▸ RECORDED INFORMATION:

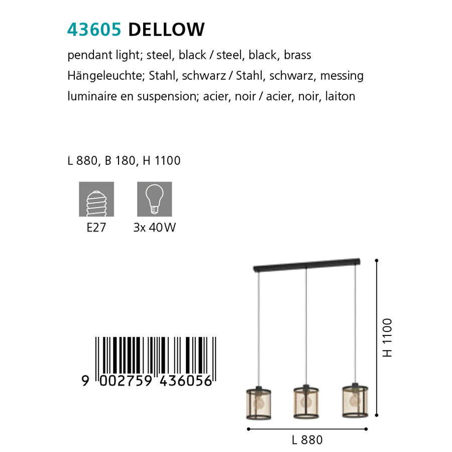 Светильник подвесной Eglo Dellow 43605, E27, 120Вт, кол-во ламп:3шт., Черный
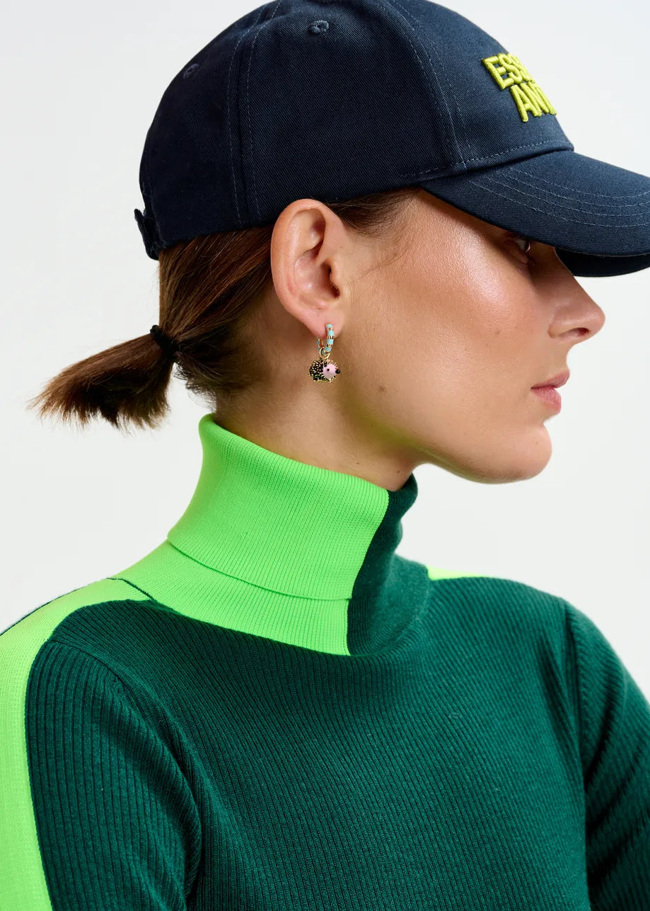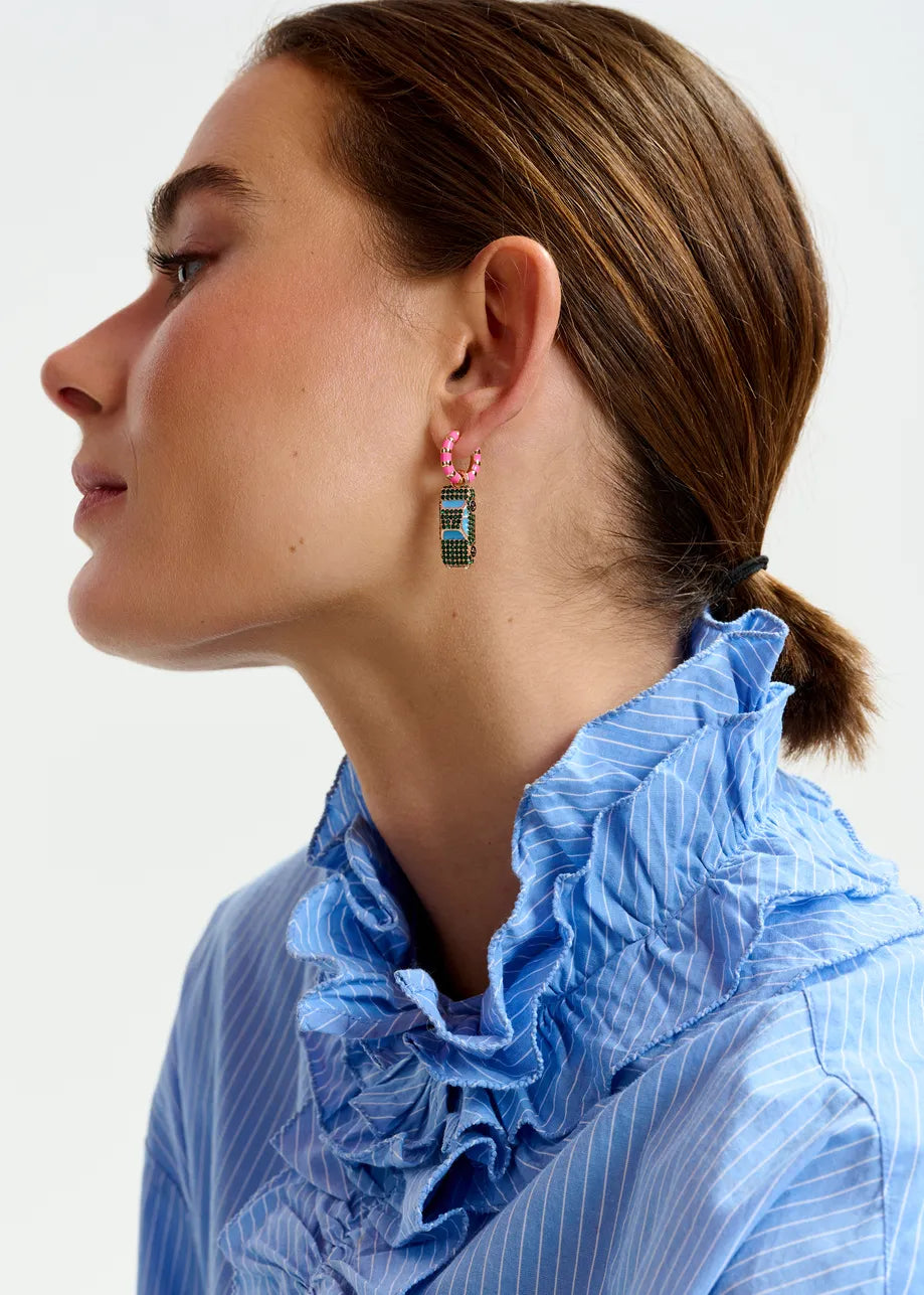 Essentiel Antwerp ISTOLI Gold and blue hoop earrings with dinosaur and strawberry pendants
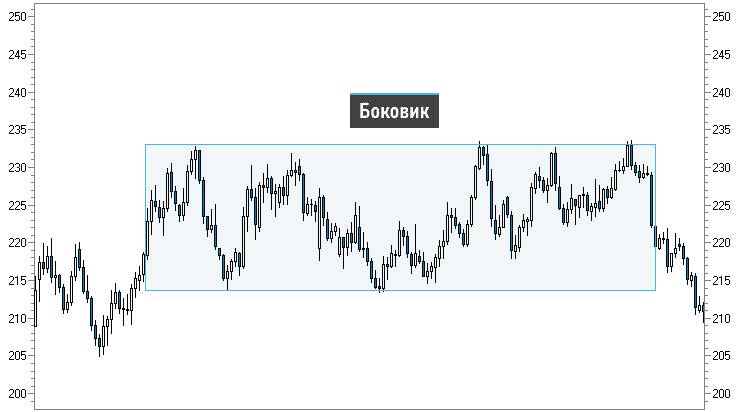 Боковое движение ценового графика. Ситуация когда цена консолидируется, не показывая четко выраженного движения вверх или вниз.

▸ TASK BRIEF:
Only the pictures are dropped. Otherwise, write out the listing exactly.

▸ WRITTEN SOLUTION:
 Светильник подвесной Eglo Dellow 43605, E27, 120Вт, кол-во ламп:3шт., Черный
 Essentiel Antwerp ISTOLI Gold and blue hoop earrings with dinosaur and strawberry pendants
 Боковое движение ценового графика. Ситуация когда цена консолидируется, не показывая четко выраженного движения вверх или вниз.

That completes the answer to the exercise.